Crédito rural em retração histórica: gargalos do Plano Safra empurram produtores para juros de mercado e elevam o risco de saída da atividade

O crédito rural brasileiro atravessa a fase mais crítica desde o Plano Real. Levantamento da Assessoria Econômica da Farsul indica que, no primeiro trimestre da safra 2025/2026 (julho a setembro), houve queda de 23% nos recursos destinados ao custeio e de 44% nos investimentos em nível nacional; no Rio Grande do Sul, as retrações chegaram a 25% e 39%, respectivamente. O quadro traduz um estrangulamento de financiamento que atinge a base do sistema produtivo e se manifesta, sobretudo, na dificuldade de acesso efetivo às linhas equalizadas do Plano Safra.

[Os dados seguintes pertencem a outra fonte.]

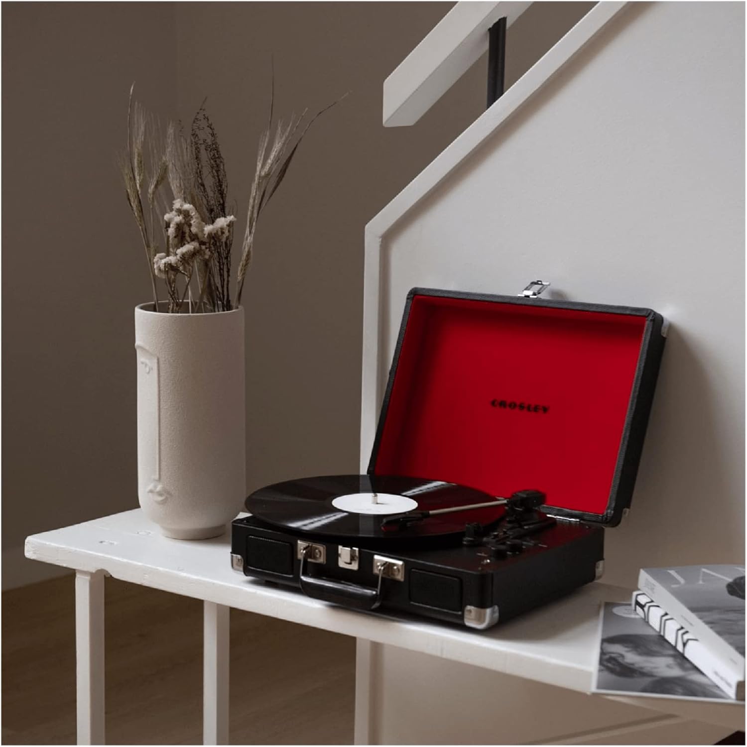 ¿Te encanta el sonido rico y cálido del vinilo, pero te gustaría que fuera un formato de música más portátil? moviliza tu música con el tocadiscos portátil de tres velocidades Crosley Cruiser. Construido en madera y encuadernado en un material de piel sintética, el tocadiscos tipo maletín es liviano y se transporta fácilmente de un lugar a otro. Los altavoces estéreo integrados te permiten escuchar tu música sin tener que conectarla a un sistema de altavoces, para que puedas ir a casa de un amigo y disfrutar juntos del sonido superior del vinilo. El control de tono ajustable te permite personalizar tu experiencia de escucha. También cuenta con Bluetooth integrado, que te permite transmitir tu música favorita desde un dispositivo con Bluetooth de forma inalámbrica a los altavoces dinámicos de rango completo del Cruiser.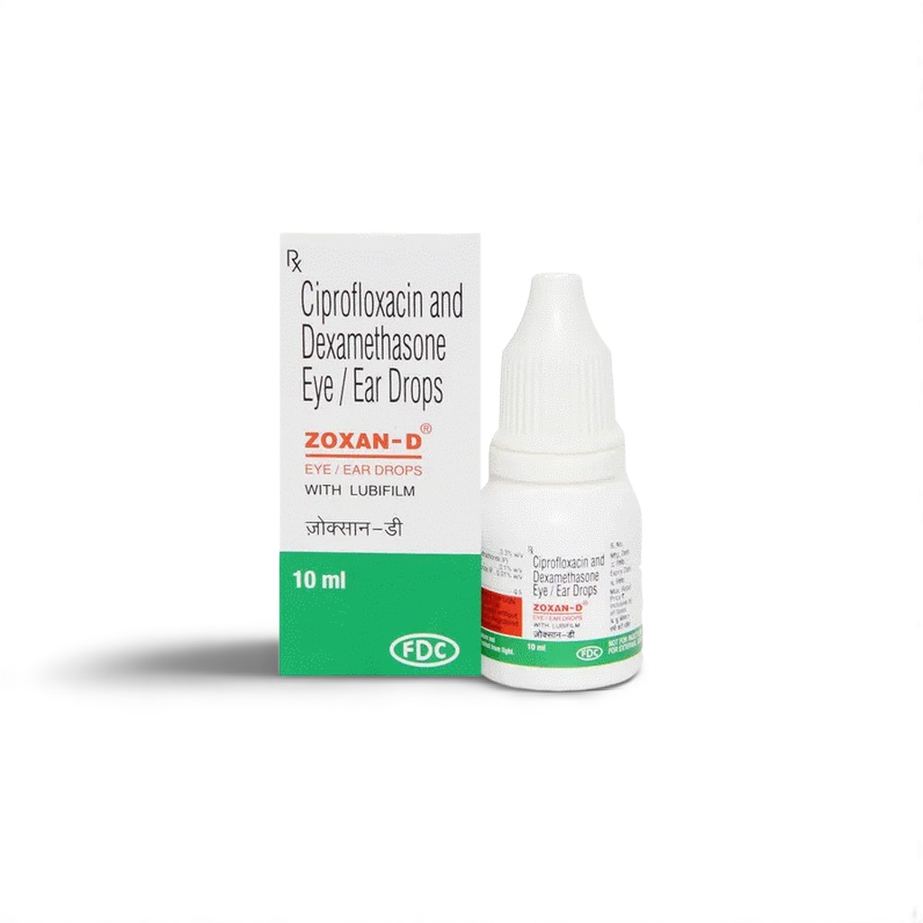 Zoxan D Eye/Ear Drops combine Ciprofloxacin, a potent fluoroquinolone antibiotic, with Dexamethasone, a corticosteroid that reduces inflammation. This dual therapy treats bacterial infections of the eye (conjunctivitis, keratitis) and ear (otitis externa), while simultaneously reducing swelling, redness, and discomfort.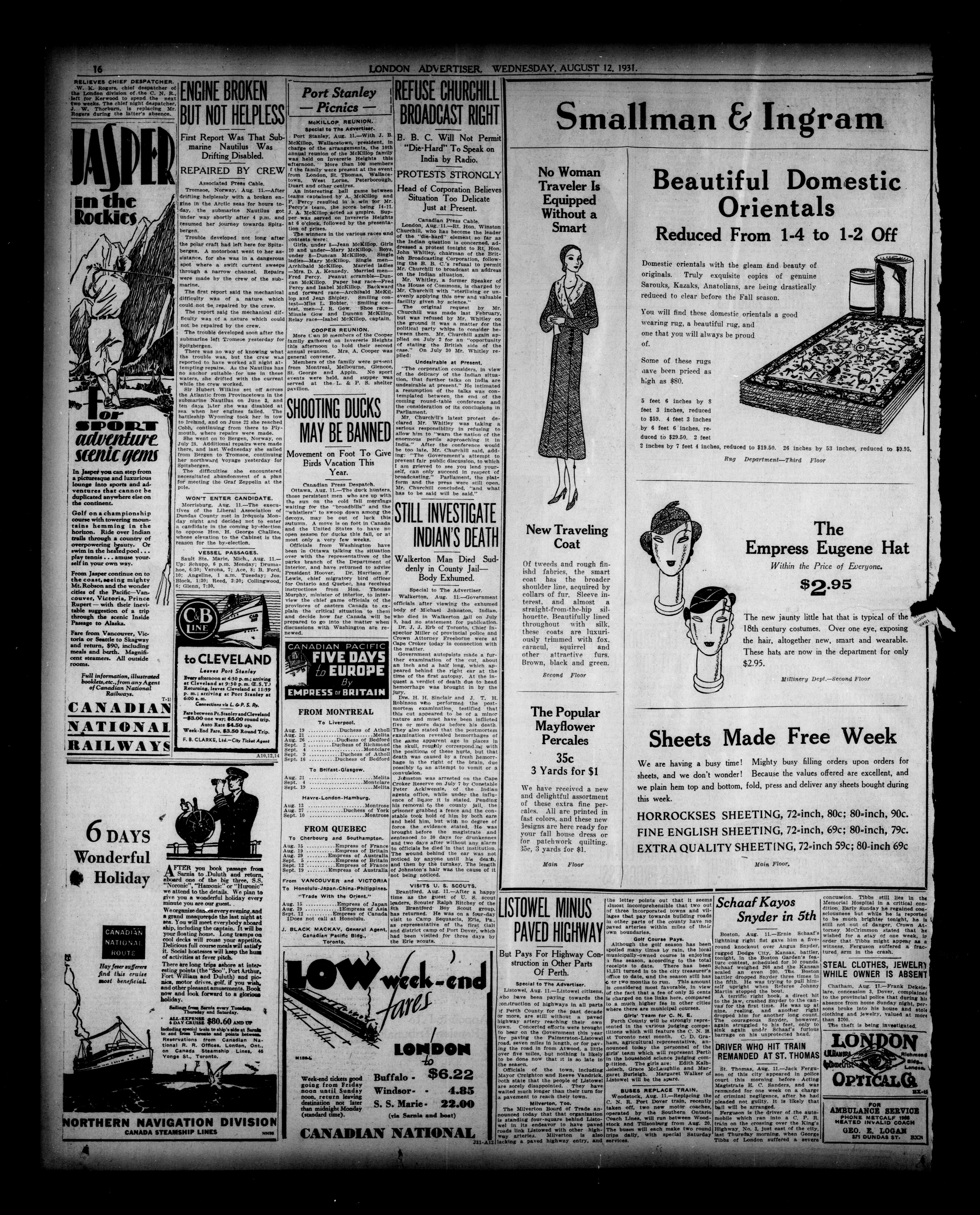 London, Ontario : London Advertiser Company, Limited, [1931]; 16 images, 0 avec recherche en texte intégral

Na teoria, o Plano Safra é o eixo para que o produtor obtenha previsibilidade de taxas e condições mínimas de planejamento. Na prática, a combinação de envelopes que se esgotam cedo, análise de crédito mais rígida, incrementos de garantias reais e morosidade procedimental cria um funil. Quando o pedido finalmente chega à etapa decisória, é frequente o comunicado de que as linhas equalizadas se exauriram, restando apenas o crédito livre. Nesse desvio de rota, produtores têm sido direcionados a juros de mercado na casa de 15% ao ano, patamar incompatível com a realidade de muitas operações de custeio.

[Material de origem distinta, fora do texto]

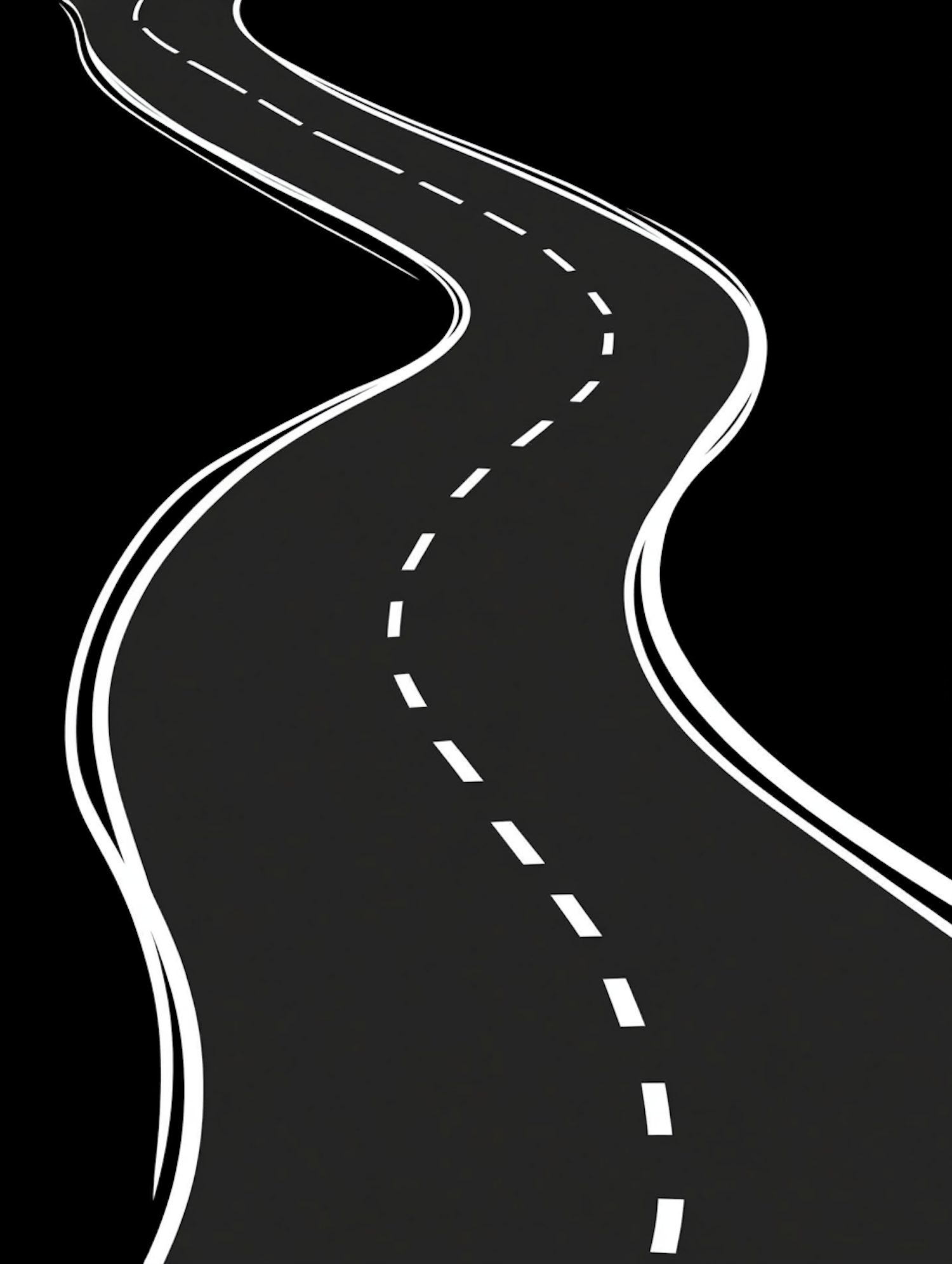 Minimalist winding road illustration with white dashed and solid lines on a black background, emphasizing curves and simplicity.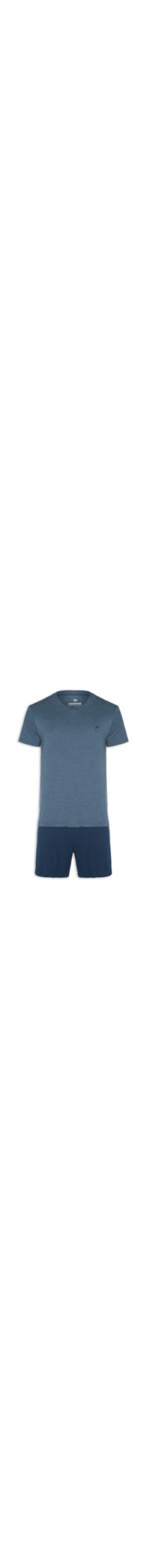 O pijama azul é confeccionado em malha leve. A camiseta possui gola V com acabamento canelado, mangas curtas, logo da marca aplicado em silk na altura do tórax, shape solto, caimento reto e acabamento pespontado. O short possui cintura média, cós com elástico embutido, comprimento curto, shape solto, caimento reto e acabamento pespontado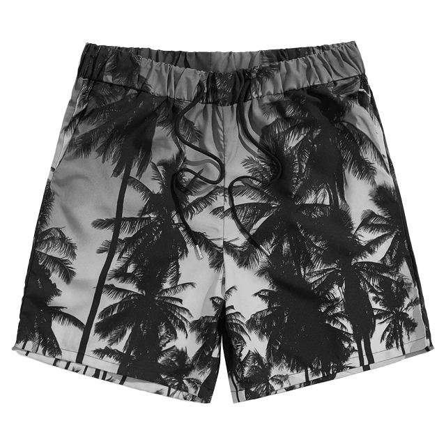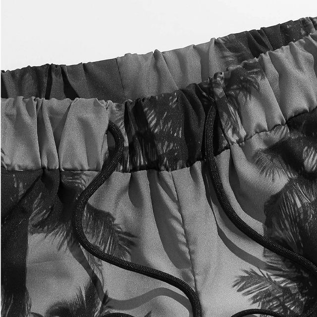 กางเกงขาสั้นชายหาดสำหรับผู้ชายกางเกงขาสั้นลำลองฤดูร้อนแบบลำลองพร้อมเชือกผูกเอวยางยืดแห้งเร็วต้นปาล์มสีม่วงและลายพระอาทิตย์ตกสำหรับผู้ชาย

A elevação do Custo Efetivo Total (CET), contudo, não se encerra na taxa nominal. Persistem relatos de venda casada de produtos e serviços, seguros, títulos e pacotes “obrigatórios”, condicionando a aprovação do financiamento, prática vedada pelo ordenamento jurídico e pelas normas do sistema financeiro. A isso se somam despesas de projetistas e intermediários, muitas vezes cobradas como percentual do valor financiado. O resultado é uma escalada silenciosa do CET: o que começa em 15% ao ano, quando somadas as cobranças acessórias e o empacotamento indevido, pode se aproximar de 30%–40% ao ano. Em um ambiente de margens pressionadas e preços voláteis, essa curva de custo inviabiliza o giro de caixa do custeio e desestimula o investimento, com impactos que se propagam à renda no interior, à arrecadação local e à competitividade das cadeias agrícolas.

O risco de saída da atividade deixa de ser hipótese e se torna variável concreta do cenário. Ao se verem no impasse entre endividar-se em condições onerosas ou reduzir o ritmo produtivo para preservar patrimônio, muitos optam por desmobilizar ativos, venda de área, máquinas e rebanho, para honrar compromissos. A retração do crédito, portanto, não é apenas um problema de balanço; é um fator de retração estrutural da oferta futura e de fragilização no campo.

Do ponto de vista jurídico, algumas balizas são incontornáveis. A venda casada é ilegal e pode ensejar revisão contratual e responsabilização. O CET detalhado deve ser fornecido ao tomador, com transparência sobre todos os componentes do custo. A negociação pré-vencimento é a via adequada para repactuar fluxos e alongar prazos quando houver fundamento econômico, evitando a deterioração imediata de adimplência. Em situações-limite, a legislação brasileira contempla instrumentos de reestruturação, como a recuperação judicial, que podem preservar unidades produtivas viáveis, desde que adotados com critério e documentação robusta.

É imprescindível, ainda, recolocar o Plano Safra no trilho do acesso real. Equalização previsível, critérios claros de priorização e respeito às regras de concorrência formam o tripé para que os recursos cheguem, de fato, à ponta que produz. Enquanto o funil persistir, a migração forçada para o crédito livre continuará transferindo risco sistêmico ao produtor — elo menos capaz de precificar e absorver o custo financeiro extraordinário.

A diferença agora é a velocidade com que o crédito sumiu e o tamanho da conta para quem ficou do lado de fora do Plano Safra. Se nada for ajustado, veremos mais porteiras se fechando, não por falta de trabalho, mas por falta de crédito minimamente justo. E isso tem nome, CPF e história: famílias inteiras que, sem acesso às linhas equalizadas, são empurradas para juros de mercado que começam em 15% e, na prática, escalam para perto de 40% ao ano com custos acessórios. O Brasil não pode se dar a esse luxo.